Define $y(t) = 0.5e^t-0.5t-0.5$ and let $t_c$ be a number such that $y(t_c)=18$. Some simple estimations,
$$y(1) = 0.5 e^{1} -0.5(1)-0.5 \approx 0.5(3)-1 = 0.5 $$
$$ y(3)= 0.5e^3 -0.5(3)-0.5 \approx 0.5(27)-2=16.5 $$
So we expect the intersection to be just past $t=3$, this is what we will use as our seed value later. I used these values to make a very rough sketch of the graph which can be seen below.

Now we will make a sequence which converges to the solution. One way is to make the recurrence shown below where $a(t_c)=0$ when the solution is reached. Notice that it is important that a(t) be positive when $t<t_c$ and negative when $t>t_c$ otherwise the fixed point won't be an attractor.
$$t_{n+1} = t_n + a(t_n)$$
There are many choices for $a(t)$. A few options are listed below.
- $a(t)=18-y(t)$
- $a(t) = \tan^{-1}(18-y(t))$
- $a(t) = 1-y(t)/18$
Another possible sequence to try is one which multiplies the old values of $t$. Looking at the sequence below we can see that $b(t_c)=1$. It should be clear that for $t_c$ to be an attractor we must have that $b(t)$ is greater than 1 when $t$ is less than $t_c$, and less than $1$ when $t$ is greater than $t_c$.

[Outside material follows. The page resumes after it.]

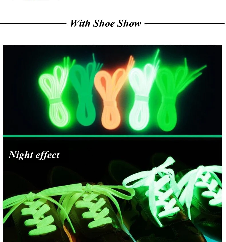 1 пара спортивных светящихся шнурков светится в темноте в ночном цвете флуоресцентные шнурки спортивная обувь на плоской подошве шнурки Лидер продаж Материал: Высокопрочный светящийся материал Размер: 8 мм * 1,2 м Цвет: белый/желтый/зеленый/синий/розовый/небесно-голубой Посылка включает в себя: 1 пара шнурков (2 шт.) Примечание: Яркий Белый флуоресцентный кружевной Синие шнурки относительно темные Такая же яркость, как зеленый и желтый Светящиеся шнурки сияют только в темноте, без питания. Они должны поглощать светильник через солнечный светильник, светильник s, флэш-светильник s или даже движущиеся экраны. После 30 минут поглощения светильник излучает светильник в течение 4-5 часов. Чем сильнее светильник, тем лучше. Они могут светиться снова и снова!
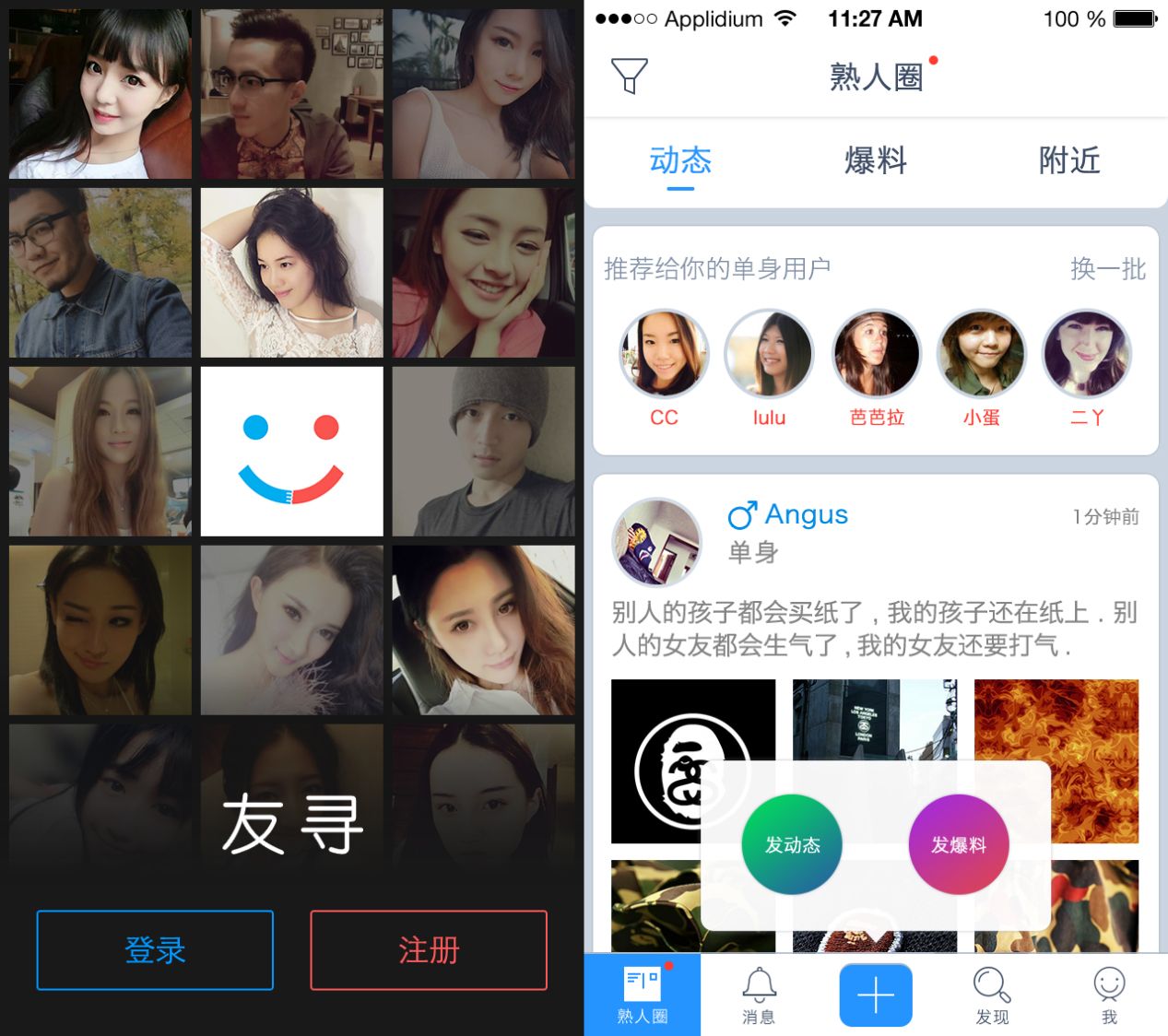 手机里的每一个app其实都对应着某个层级的马斯洛需求,从初级的衣食住行到高级的装逼作精,莫不如此,友寻这款app针对最本质的搞对象需求,get到每一个人的G点,通过友寻能结识朋友的朋友,免除陌生人间的安全隐患,也突破了熟人之间交友界限,还有漂流瓶,匿名暗恋等羞羞玩法嘿嘿嘿,总之,治疗单身病效果极佳。

$$ t_{n+1} = t_n b(t_n) $$
Some possible choices here are ,
- $b(t) = 18/y(t)$
- $b(t) = \frac{4}{\pi} \tan^{-1}(18/y(t))$
- $b(t) = \frac{1}{2-18/y(t)}$
Try playing around with these and see if you can invent your own.

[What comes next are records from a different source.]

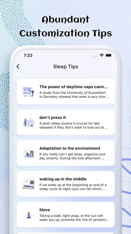 2. Abundant Customization Tips - A large number of rest suggestions customized for you based on your sleep cycle registration information, daily schedule and mobile phone usage frequency.
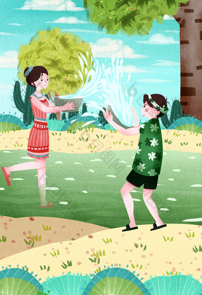 小清新泼水节傣族泼水插画
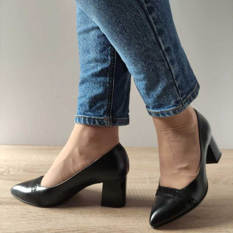 Descriere: Pantofi eleganți pentru damă de la Antonio, model negru, realizați din piele naturală. Acești pantofi sunt ideali pentru evenimente elegante, oferind un plus de rafinament prin toc și designul clasic.
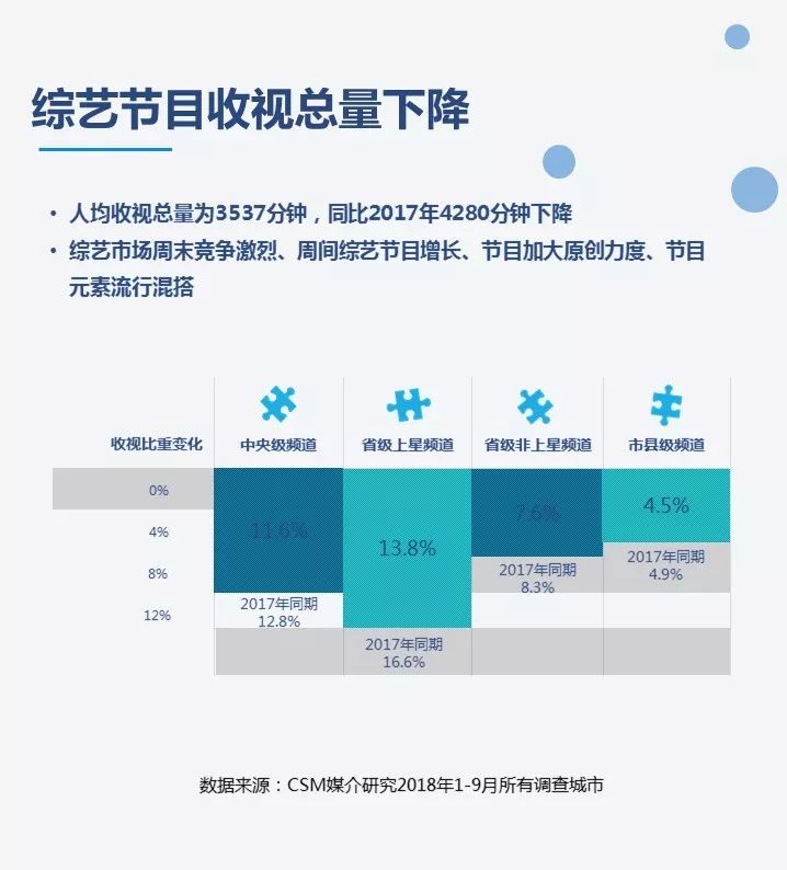 CTR:2018年前三季度全国电视收视市场格局 近日,CSM媒介研究权威发布了2018年前三季度全国电视收视市场格局,分享了全国电视市场收视概况及竞争格局和主要节目收视表现。电视在媒体融合浪潮中的收视变化和特征。 报告来源:收视中国 更多阅读:CTR:中小城市青年观众电视收视特征简析CTR:2021年5月电视广告花费同比增长12.5%尼尔森网联:2019年电视收视市场年中回顾CTR:2018上半年中国广告市场回顾CTR:三大报告全景洞察2019中国广告市场CTR:2019年2月户外投放盘点CTR:2018年10月广告市场榜单Monetate:iPad将改变电子商务市场格局CTR:小鹏汽车助推乘用车电梯海报广告投放增长CTR:2019年8月乘用车全媒体广告投放同比增长呈现今年新低CTR:2019年4月乘用车在电梯电视和影院视频的广告投放增长抢眼CTR:2019年3月乘用车全媒体广告投放同比重现负增长CTR:2019年2月乘用车在户外生活圈媒体广告投放同比增长迅猛CTR:2019年乘用车全媒体广告投放以负增长9%开局CTR:2018年9月广播广告排行榜
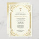 Featuring a beautiful custom designed gold Sacrament of Confirmation invitation of a white dove with blue roses overlaid on a gold cross.
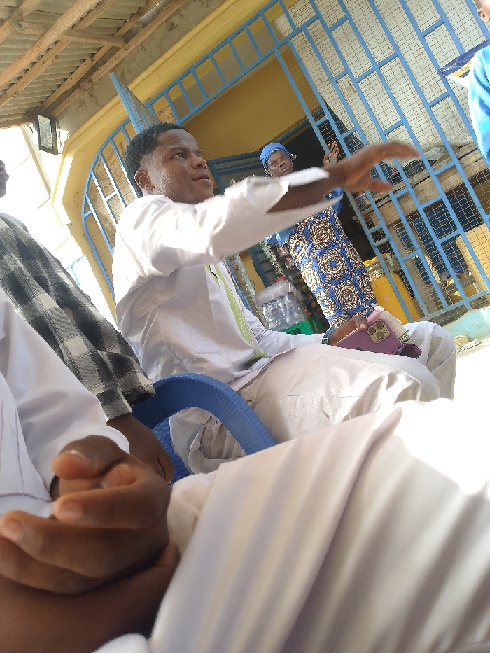 A man seated, gesturing with his right hand, wears a white garment with lime green trim. He sits on a blue chair, phone in lap. A woman stands behind him, wearing a blue and brown patterned dress and a blue headscarf. Another man, partially visible, wears a white garment with a gray and black plaid shawl. A blue metal gate is behind them. Bottles of water are visible in the background. The perspective is angled upward.

Implementing the first example for $a(t)=18-y(t)$ one finds that with a seed value of $t=3$ the sequence quickly diverges. When you run into this you need to find some way of keeping $a(t)$ from being too large near the intersection. One way is to use the inverse tangent function. In this case it is as easy as dividing our choice by 18.
Using $t_0=3$ and $a(t)=1-y(t)/18$ I get,
$t_0=3 $
$t_1=3.553\dots$
$t_2=3.7095 \dots$
$t_3=3.70605\dots$
$\vdots$
$t_{10}=3.706384959$
Which is the limit of the precision of my calculator.